BEGIN Recorded data
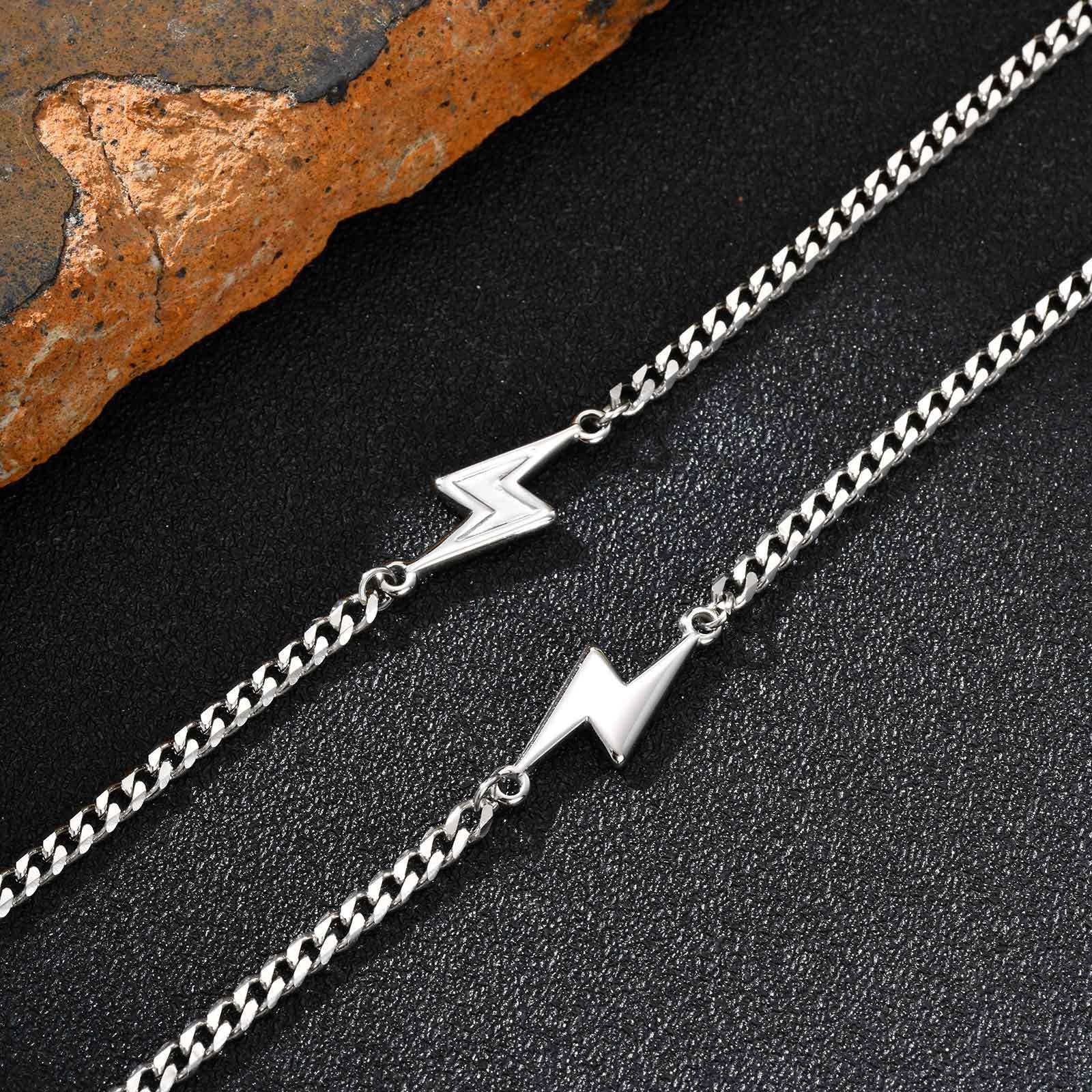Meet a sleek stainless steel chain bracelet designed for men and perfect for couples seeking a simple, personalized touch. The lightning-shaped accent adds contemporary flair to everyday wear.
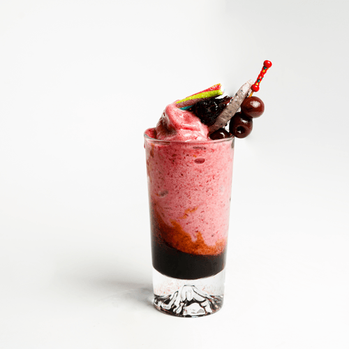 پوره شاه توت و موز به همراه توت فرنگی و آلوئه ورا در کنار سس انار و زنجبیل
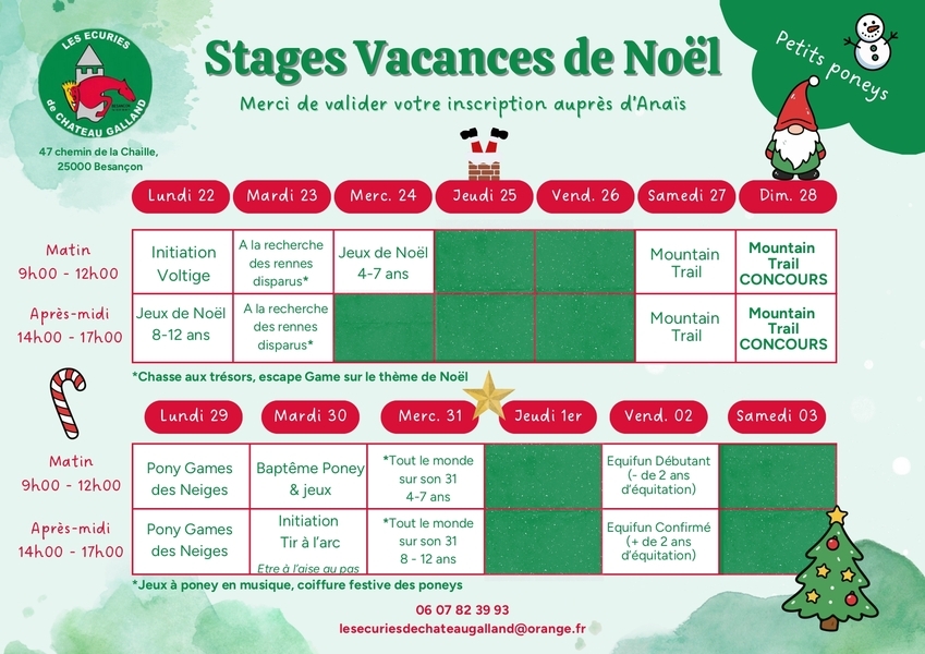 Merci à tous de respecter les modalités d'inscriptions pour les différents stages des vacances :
END Recorded data
**What this task involves**
Leave the images out and give the rest of the data again exactly.

**Reply**
Meet a sleek stainless steel chain bracelet designed for men and perfect for couples seeking a simple, personalized touch. The lightning-shaped accent adds contemporary flair to everyday wear.
 پوره شاه توت و موز به همراه توت فرنگی و آلوئه ورا در کنار سس انار و زنجبیل
 Merci à tous de respecter les modalités d'inscriptions pour les différents stages des vacances :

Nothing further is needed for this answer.